Search code examples
postgresqldatabase-designrelational-databaseyesod

Structuring a database


In my database I need the following relations:

  • Tournament
  • Tournament Participant (Tpart)
    • relates a User to a tournament
  • Round
    • This is a single match
  • Hole
    • relates a Tpart to a round
    • also holds a score

This is my current Persistent Entities:

Tournament
  name Text
  urlName Text
  location GolfCourseId
  startDate Day 
  endDate Day Maybe
  UniqueTName name
  UniqueTUrlName urlName

Tpart
  tournament TournamentId
  userId UserId  
  deriving Show
  deriving Eq

Round
  tourn TournamentId
  name Text
  UniqueRound tourn name
  deriving Show

Hole
  round RoundId
  part TpartId
  score Int 
  deriving Show

I don't know if this is the best structure given the kind of queries I need to do. I need to

  • Get the total score for a round for each Tpart
    This would be done by summing up the score of all Holes related to a specific round and Tpart

    Part | round 1 | round 2 | ...  
    p1   | 56      | 54  
    p2   | 60      | 57  
    
  • Get all the holes and tparts that relate to a round

    Part | hole 1 | hole 2| ...  
    p1   | 3      | 5  
    p2   | 5      | 6  
    

To get the data on the first table it would require summing all the hole scores for each user. Is this an efficient method? Or would it be better to have another entity RndScore, like this:

RndScore
  rnd RoundId
  tpart TpartId
  score Int

This entity could be updated every time a hole entity is updated. Either of those solutions seem rather robust though.


Solution

  • My advice is: You should always start with a clean, normalized logical relational database design without storing redundant data, and trust that the DBMS will derive your data (i.e., answer your queries) well enough. That is what a DBMS is there for. The next step should be to optimize your physical database design, e.g., choose your indexes, your table storage parameters, etc. Depending on your database, your can even materialize your views, so that their results are stored physically etc.

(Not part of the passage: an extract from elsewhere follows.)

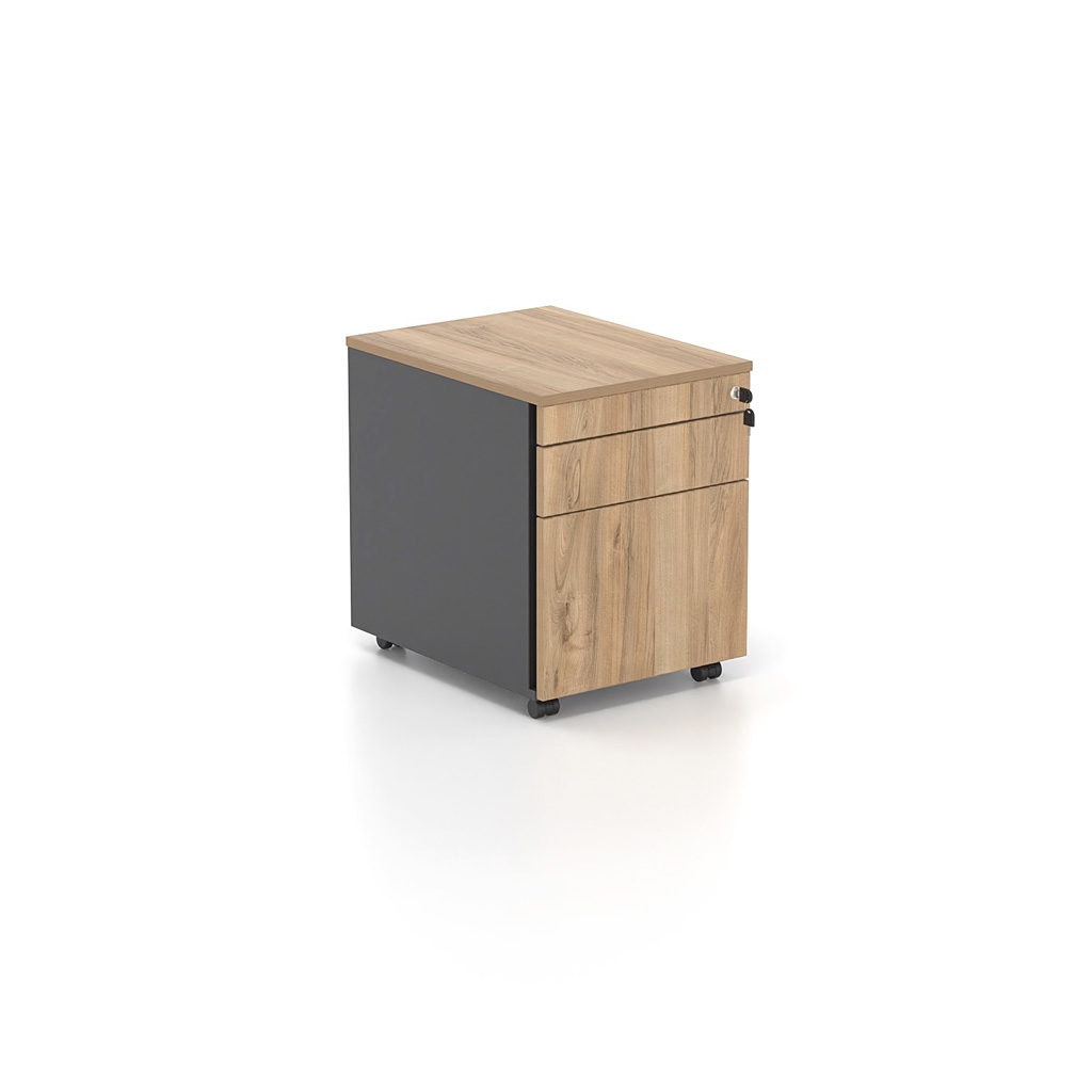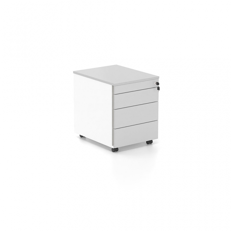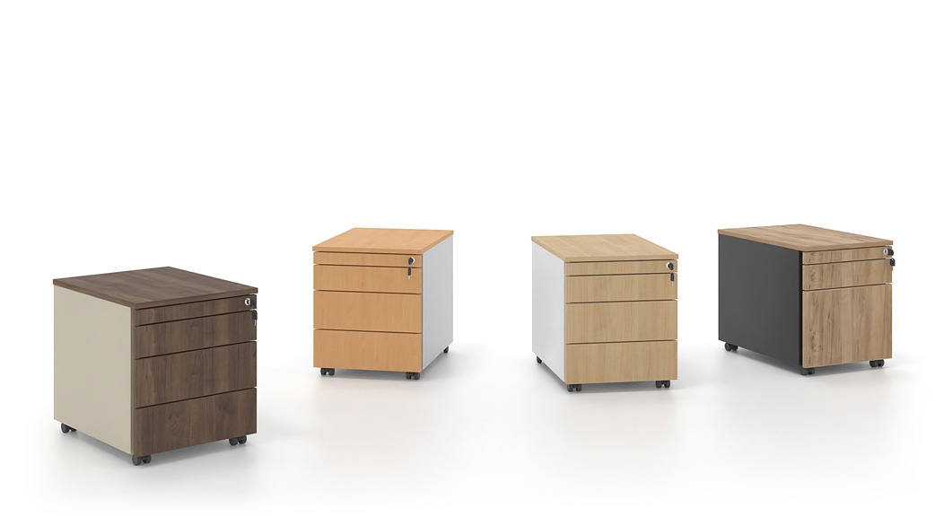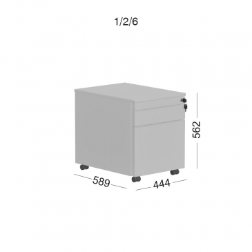 Caissons en métal de haute esthétique et fonctionnalité. Ils sont équipés d’un top et des façades en mélamine dans une grande variété de couleurs. Ils sont disponibles avec une profondeur de 58,9 cm. Les caissons sont disponibles sur roulettes ou fixes avec patins. Dans le cas des caissons mobiles, il est possible d'ajouter des roulettes avec freins. Ils ont des tiroirs en métal avec des avec glissières à roulement télescopiques et une ouverture complète (100%), un système anti-basculement (ne permet pas d'ouvrir plus d'un tiroir), ainsi qu'un système de fermeture en douceur "soft close". Tous les caissons sont équipés de serrures de sécurité. Parallèlement, les tiroirs ont une configuration adaptée permettant d'ajouter des séparateurs à position variable pour une meilleure organisation de l'espace de rangement. Ils sont disponibles dans une grande variété de couleurs.

Actually adding derived values in your logical database design (such as your your RndScore relation) should be the last resort, as you will have to ensure their consistency manually.

    In general, you should avoid pre-mature optimizations: Ensure that you actually need to optimize your database layout (e.g., by measuring runtimes, checking query execution plans, making estimations about the number of queries you will have to answer, etc.)